------ Exercise input

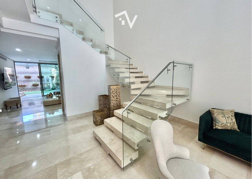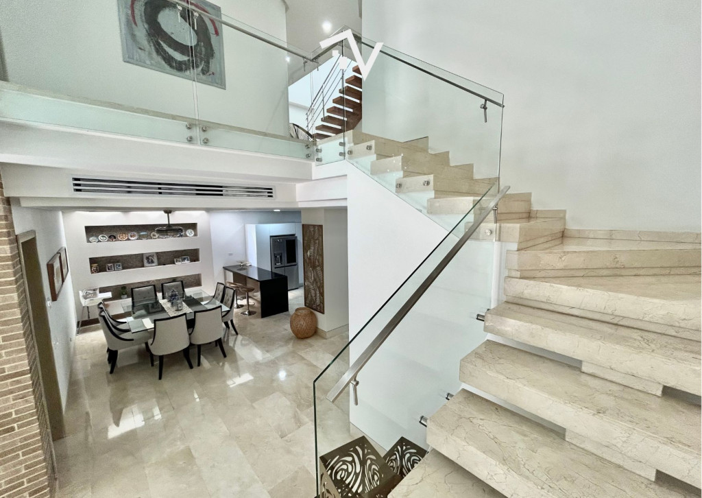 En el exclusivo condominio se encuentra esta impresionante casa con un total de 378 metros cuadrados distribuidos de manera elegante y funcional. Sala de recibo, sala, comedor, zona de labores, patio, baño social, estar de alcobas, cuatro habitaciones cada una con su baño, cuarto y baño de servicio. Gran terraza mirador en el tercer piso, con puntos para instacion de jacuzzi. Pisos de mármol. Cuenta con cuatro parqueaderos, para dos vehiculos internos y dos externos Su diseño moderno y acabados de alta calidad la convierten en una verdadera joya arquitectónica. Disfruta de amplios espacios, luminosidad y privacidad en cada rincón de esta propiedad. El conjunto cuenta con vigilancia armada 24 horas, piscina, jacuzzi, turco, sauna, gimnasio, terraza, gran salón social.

------------
------ Exercise input

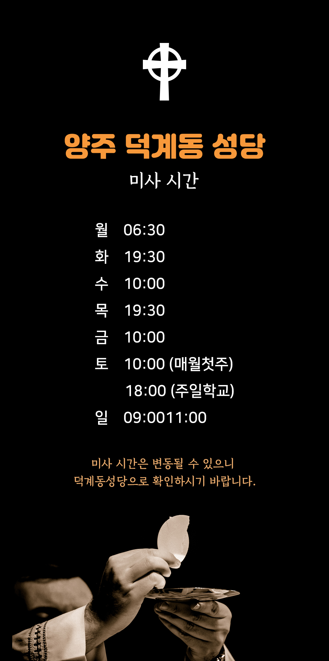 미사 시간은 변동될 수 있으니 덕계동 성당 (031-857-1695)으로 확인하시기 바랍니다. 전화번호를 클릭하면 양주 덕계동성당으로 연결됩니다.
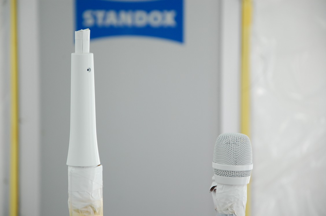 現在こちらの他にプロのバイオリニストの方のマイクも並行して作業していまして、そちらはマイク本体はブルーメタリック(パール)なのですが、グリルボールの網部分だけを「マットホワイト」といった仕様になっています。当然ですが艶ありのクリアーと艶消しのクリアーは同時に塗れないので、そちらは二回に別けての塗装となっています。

------------

• Aim of the exercise: Within the listing above, write out the stretch from the line with "미사 시간은 변동될 수" through the line with "現在こちらの他にプロのバイオ" exactly. Any pictures are to be left out.

• Written solution:
 미사 시간은 변동될 수 있으니 덕계동 성당 (031-857-1695)으로 확인하시기 바랍니다. 전화번호를 클릭하면 양주 덕계동성당으로 연결됩니다.
 現在こちらの他にプロのバイオリニストの方のマイクも並行して作業していまして、そちらはマイク本体はブルーメタリック(パール)なのですが、グリルボールの網部分だけを「マットホワイト」といった仕様になっています。当然ですが艶ありのクリアーと艶消しのクリアーは同時に塗れないので、そちらは二回に別けての塗装となっています。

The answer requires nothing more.